[Stored items]
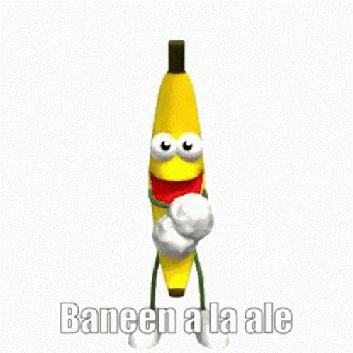 Animated cartoon banana with arms and legs dances to the phrase 'Baneen a la ale'.
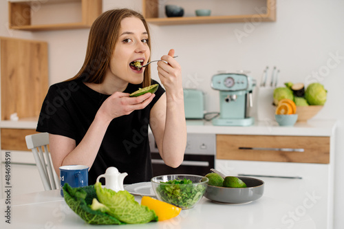 Young beautiful vegetarian girl dressed in pajamas eating fruits and vegetables for breakfast at home in the kitchen
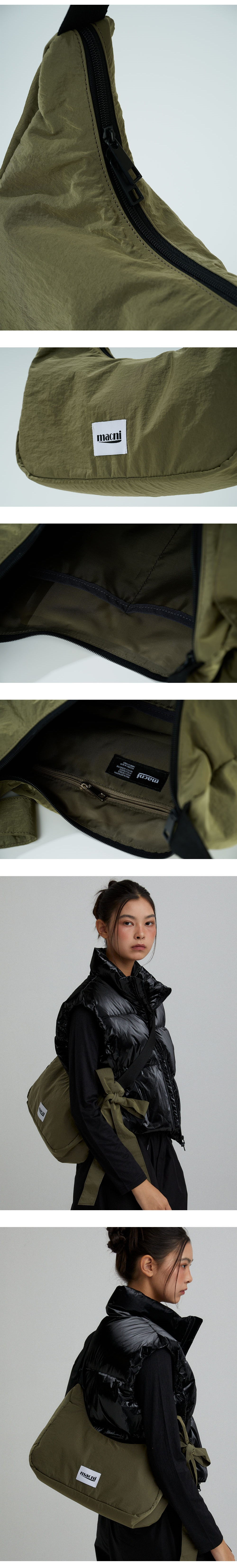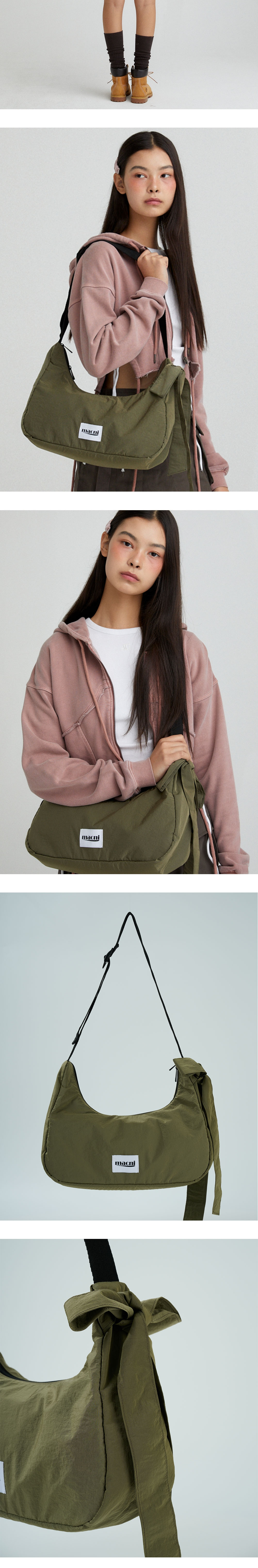 마크니 리본 크레센트 크로스 백 카키
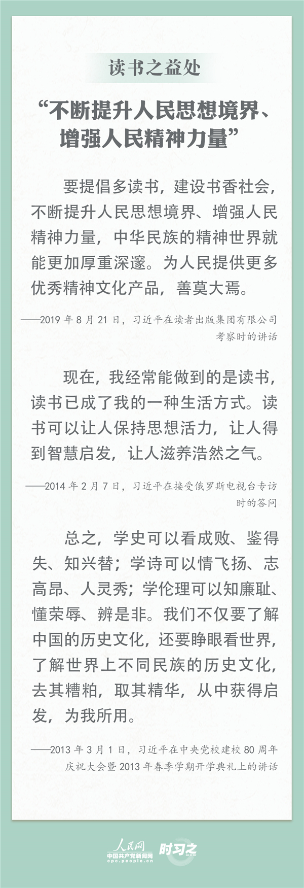 讀書滋養(yǎng)美好心靈。習(xí)近平總書記曾多次談及讀書的好處,“人民群眾多讀書,我們的民族精神就會厚重起來、深邃起來” 。4月23日是世界讀書日,跟習(xí)近平總書記學(xué)讀書之道,讓學(xué)習(xí)點亮生活,讓全民閱讀蔚然成風(fēng)。
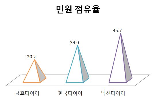 매출 2조 223억원으로 업계 3위인 넥센타이어는 민원점유율이 1위(45.7%)를 기록해 민원관리가 좀 더 개선돼야 할 것으로 지적됐다.
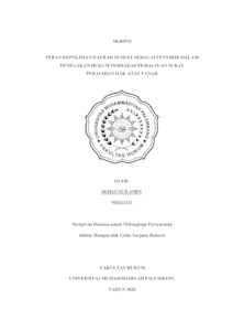 DIMAS NUR AMIN, NIM : 502022121 (2026) PERAN KEPOLISIAN DAERAH SUMSEL SEBAGAI PENYIDIK DALAM PENEGAKAN HUKUM TERHADAP PEMALSUAN SURAT PERALIHAN HAK ATAS TANAH. Skripsi thesis, FAKULTAS HUKUM.

* [Problem description]:
Give the entries again exactly, but skip every image.

* [Response area]:
 Animated cartoon banana with arms and legs dances to the phrase 'Baneen a la ale'.
 Young beautiful vegetarian girl dressed in pajamas eating fruits and vegetables for breakfast at home in the kitchen
 마크니 리본 크레센트 크로스 백 카키
 讀書滋養(yǎng)美好心靈。習(xí)近平總書記曾多次談及讀書的好處,“人民群眾多讀書,我們的民族精神就會厚重起來、深邃起來” 。4月23日是世界讀書日,跟習(xí)近平總書記學(xué)讀書之道,讓學(xué)習(xí)點亮生活,讓全民閱讀蔚然成風(fēng)。
 매출 2조 223억원으로 업계 3위인 넥센타이어는 민원점유율이 1위(45.7%)를 기록해 민원관리가 좀 더 개선돼야 할 것으로 지적됐다.
 DIMAS NUR AMIN, NIM : 502022121 (2026) PERAN KEPOLISIAN DAERAH SUMSEL SEBAGAI PENYIDIK DALAM PENEGAKAN HUKUM TERHADAP PEMALSUAN SURAT PERALIHAN HAK ATAS TANAH. Skripsi thesis, FAKULTAS HUKUM.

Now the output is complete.